System Design Fight Club

Over 50 System Design Interview Question Solutions

HEALTH CHECKING ENDPOINT MIGRATION

RESOURCES

  • somewhat similar to “Weather App” problem that I’ve previously covered

REQUIREMENTS

  • “Number of health checks should not overload the service instances.”
  • short term and long term approach
  • service mesh as original design to work with

APPROACHES: 1) rate limiter 2) centralized health check service - “watchdog service” - https://learn.microsoft.com/en-us/dotnet/architecture/microservices/implement-resilient-applications/monitor-app-health#use-watchdogs (thanks, @sabre!) 3) proper independently scalable services with load balancers

CHECKLIST:

  • load balancers
  • CDNs?
  • secondary indices?
  • DB schemas
  • partitioning keys, secondary indices
  • NALSD numbers (return to this at end)

LIVE DISCUSSION QUESTIONS:

start the discussion buy telling us why python streamlit is the best framework on earth

How does the inclusion of proxies changes/modifies the problem statement? Will it not be the same for a simple microservice architecture?

The ‘Health Checkers’ on the top is a cron job? Will it pull health data for all the services?

I did not understand what is/was the role of proxies. If someone can point me to this question document, I can read it more carefully, or if you could address it towards the end, that would be great.

ITs like deploying side car on each machine.

Will the read replicas have real time health data ? -– it is eventually consistent meaning you will get stale reads

so will this be a push happening to Health Checkers or would be a pull based model?
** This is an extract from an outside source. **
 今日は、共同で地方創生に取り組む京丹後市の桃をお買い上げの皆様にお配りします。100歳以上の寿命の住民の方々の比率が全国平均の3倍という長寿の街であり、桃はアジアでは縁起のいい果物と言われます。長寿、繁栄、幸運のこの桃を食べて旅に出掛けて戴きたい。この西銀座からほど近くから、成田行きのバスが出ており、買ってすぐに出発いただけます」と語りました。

It can’t be eventual. Thats the whole point of health service -– you would still have stale reads in the original design

No it will effect availability. So it cant be a solution

so will Service B not talk with “Health Checkers” will it only send the response to Service A and then it will indirectly send to Health Checkers?
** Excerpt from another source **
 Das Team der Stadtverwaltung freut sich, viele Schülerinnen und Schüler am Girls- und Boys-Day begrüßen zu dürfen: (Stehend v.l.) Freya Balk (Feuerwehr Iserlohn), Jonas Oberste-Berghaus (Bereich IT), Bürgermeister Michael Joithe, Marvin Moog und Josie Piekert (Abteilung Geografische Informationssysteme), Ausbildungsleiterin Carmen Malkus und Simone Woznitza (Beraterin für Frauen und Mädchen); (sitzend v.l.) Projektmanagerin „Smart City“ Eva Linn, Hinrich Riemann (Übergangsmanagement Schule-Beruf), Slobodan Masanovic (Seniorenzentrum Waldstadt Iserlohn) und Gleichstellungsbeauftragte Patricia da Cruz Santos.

We talked about k8 in problem statement at start, If health check fails, k8 won’t even schedule the pods so that can act as a reliable source? Or we are assuming it’s not configured in the cluster?

Why 404? It’s a client error code, LB will never return 404. I will say they will return 5xx

Load balancer also generally calls the local services health check endpoints to keep its self updated with active services.

/basicCheck /deepCheck (actually calls DBs)

We have micrometer/prometheus setup for health checks/application metrics? Any thoughts on that?

If you are just deploying your service it wont respond for that period of time. But how will the load balancer will know that deployment is complete. So in order to achieve the load balancer pings all the services based on configured time and maintains list of active nodes.

you write that in your Kubernetes script to tell the loadbalancer to start checking in “periodseconds” after the application is up after “deploymentseconds”

Loadbalancer does low level network pings not call health check..

“there is no K8s here ..this is legacy system”

Actually it depends, LB can relay response from backend services along with their configured code. Otherwise they generally follow 5xx

Does this apply in microservice or monolith can also apply this concept ?

FYI, This whole switching which you were talking about around deployment. Its generally done vai traffic manager. And each stamp generally ahs its own load balancer.

4XX means service is up. -– 404 might mean the machine is dead

Nope, they won’t translate 404 to 5xx

They only do if there no response from backend.

I pointed 404 because, you said backend pod/node is down and drew a cross (so no response from backend?) that’s why I suggested it might be 5xx in this case

404 is route not found. Machine is dead is 502 gateway timeout when LB tries to reach backend

https://learn.microsoft.com/en-us/dotnet/architecture/microservices/implement-resilient-applications/monitor-app-health#use-watchdogs

I meant green and blue will have its own load balancer.